Treatment by T0901317 with or without cold exposure neither increased the glucose-stimulated insulin secretion nor corrected the dysfunction of pancreatic islets. a Determination of fasting insulin. b Determination of glucose-stimulated insulin secretion. c Representative images of H&E staining of pancreas tissue sections. d Representative images of immunohistochemical staining of pancreatic tissue sections (the green and blue colors represent positive signals for insulin and the nuclei, respectively).
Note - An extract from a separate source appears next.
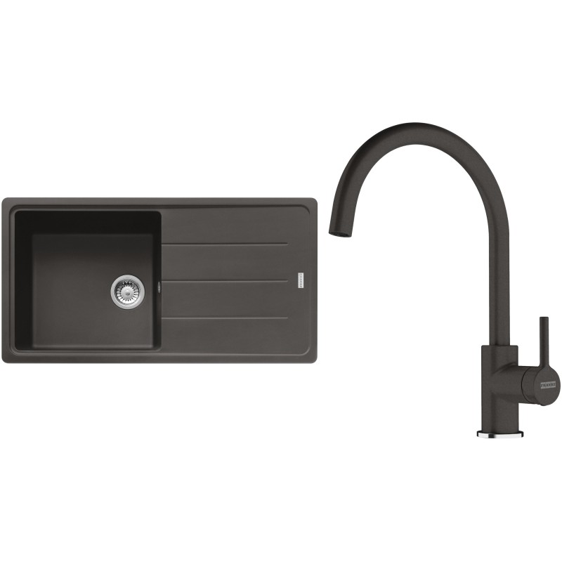 Cenově zvýhodněný set Franke G280ŠB obsahuje granitový dřez s odkapem BFG 611 Šedá břidlice a baterii FC 6018.088 LINA Šedá břidlice.

Values in a–b represent average ± SD (n = 5). **p < 0.01 compared with control mice
T0901317 Treatments With or Without Cold Exposure did not Cause Liver Dysfunction in Diabetic Mice
To examine the impact of treatments on the morphology and lipid levels in the liver, we performed H&E and Oil-red O staining. No apparent changes were observed among treated and control animals (Fig. 4a). We also conducted quantitative measurement of triacylglycerol in the liver and obtained similar results (Fig. 4b). Next, we measured blood concentrations of AST and ALT. Both enzymes were within the normal range after T0901317 treatment with or without cold exposure (Fig. 4c, d), demonstrating that the treatments did not cause liver dysfunction in the diabetic mice.
Fig. 4.
T0901713 treatments did not lead to fatty liver or liver dysfunction. a Representative images of H&E (upper panel) and Oil-red O staining (lower panel) of liver tissue sections. b Quantitative determination of liver triglyceride. c Blood aspartate aminotransferase levels. d Blood alanine aminotransferase levels. Values in a–b represent average ± SD (n = 5)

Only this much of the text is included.